VIRAL  Pramugari China Southern Picu Keributan di Penerbangan AirAsia: Delay 1,5 Jam dan Pertanyaan Etiquette Internasional - Investigasi Warta Global

Mobile Menu

Pendaftaran

Klik

More News

logoblog

VIRAL  Pramugari China Southern Picu Keributan di Penerbangan AirAsia: Delay 1,5 Jam dan Pertanyaan Etiquette Internasional

Friday, 24 April 2026


Chongqing, InvestigasiWartaGlobal. Id
Sebuah insiden keributan di Bandara Chongqing Jiangbei menunda penerbangan AirAsia D7809 rute ke Kuala Lumpur selama lebih dari satu jam. Pelaku, seorang wanita yang mengaku pramugari China Southern Airlines, memprotes penggunaan bahasa Inggris oleh pramugari AirAsia, memicu panggilan polisi bandara.

Kronologi Lengkap Insiden
Penerbangan dijadwalkan lepas landas pukul 02.00 waktu setempat. Setelah semua penumpang boarding, seorang pramugari AirAsia meminta seorang penumpang wanita untuk menghentikan percakapan telepon, menggunakan bahasa Inggris standar prosedur penerbangan.

 Penumpang tersebut, yang mengklaim sebagai pramugari China Southern Airlines, menolak dan menuduh pramugari AirAsia melakukan "狂飙英语" (bahasa Inggris tak jelas).
Dia mempertanyakan: "Mengapa kru penerbangan internasional tidak bisa berbahasa Mandarin?" Konflik escalasi hingga kru memanggil polisi bandara. Penerbangan akhirnya berangkat pukul 03.22, delay 1 jam 22 menit, menurut data Flightradar24 dan laporan awal dari Weibo serta Aviation Herald.

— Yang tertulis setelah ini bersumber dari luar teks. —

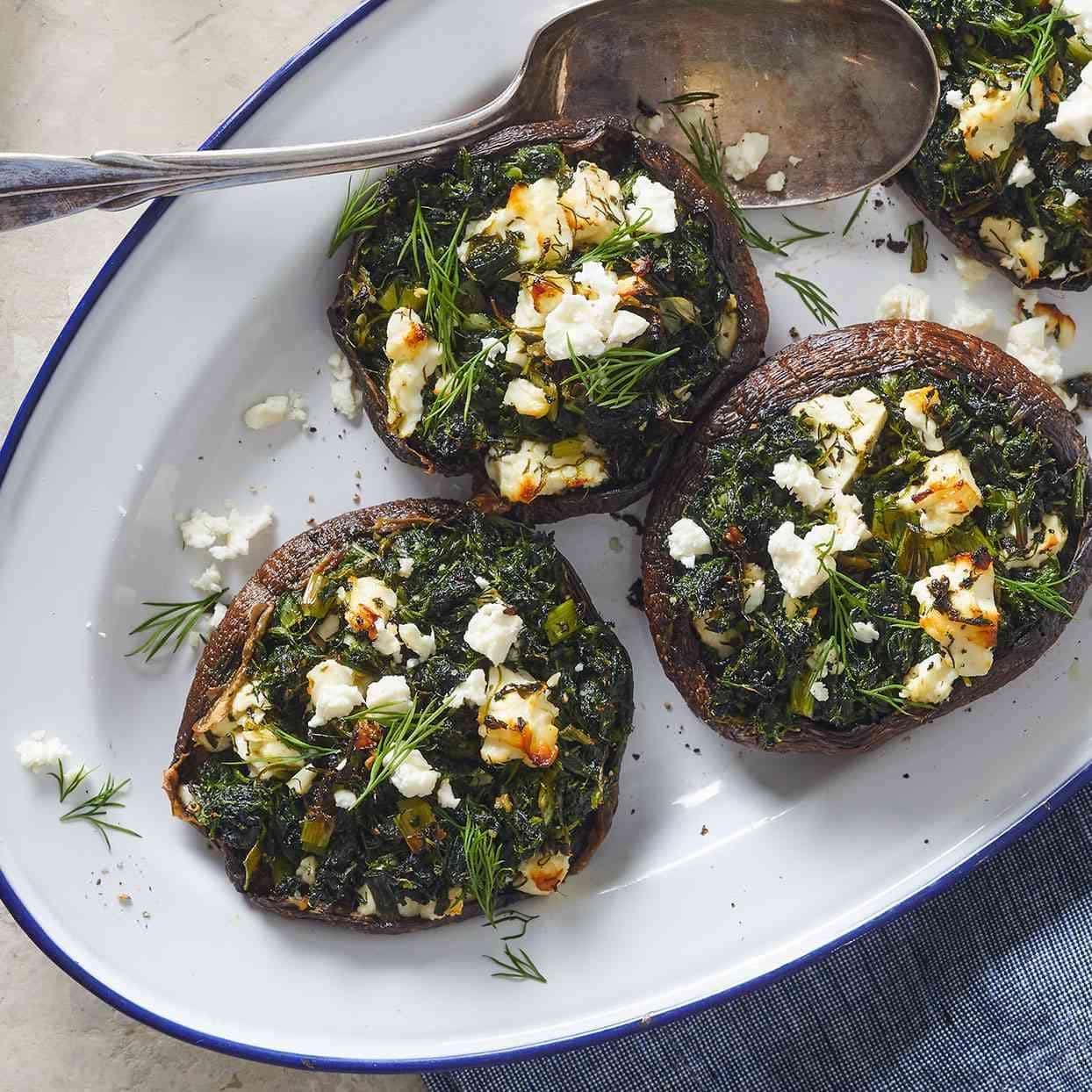 Spinach and feta stuffed mushrooms, with their savory and tangy filling, are a delicious side dish for Greek lamb.

Identitas dan Konteks Pelaku
Identitas penumpang belum dikonfirmasi secara resmi oleh China Southern Airlines. Namun, klaimnya sebagai pramugari menambah kompleksitas: Apakah ini pelanggaran etika internal maskapai China? WartaGlobal mencatat pola serupa di insiden "Saya Tiongkok!!" yang viral di Bali dan bandara Asia Tenggara, di mana penumpang China menuntut layanan berbahasa Mandarin.
Data CAPA Centre for Aviation menunjukkan insiden "passenger rage" dari China naik 30% di rute Asia Tenggara sejak 2025, seiring ledakan wisatawan pasca-COVID.

Respons Pihak Terkait
AirAsia belum merespons permintaan komentar WartaGlobal per 24 April 2026. ICAO (International Civil Aviation Organization) menetapkan bahasa Inggris sebagai standar komunikasi penerbangan global; Mandarin bersifat opsional di rute domestik China. "Ini bukan diskriminasi, tapi protokol keselamatan," kata pakar aviasi Dr. Lin Wei dari Universitas Tsinghua (kutipan dari wawancara sebelumnya soal kasus serupa).
China Southern Airlines juga belum komentar. Polisi bandara Chongqing konfirmasi intervensi, tapi tak ada penahanan.

Dampak dan Implikasi Lebih Luas
Lebih dari 100 penumpang terdampak, berpotensi rugi koneksi dan biaya akomodasi. Kasus mirip di Batik Air (Januari 2026) hasilkan kompensasi hingga Rp5 juta per penumpang berdasarkan EU261-equivalent.

Bagi Indonesia, ini relevan: Bali catat ribuan keluhan turis China vs regulasi lokal. Pemerintah perlu harmonisasi aturan dengan mitra ASEAN-China untuk cegah eskalasi.
WartaGlobal menelusuri: Apakah AirAsia dan China Southern akan investigasi internal? Update menyusul.Netti/*

Sumber: Flightradar24, Aviation Herald, Weibo eyewitness, CAPA Aviation data. Kontak redaksi: [email protected]
Memuat konten...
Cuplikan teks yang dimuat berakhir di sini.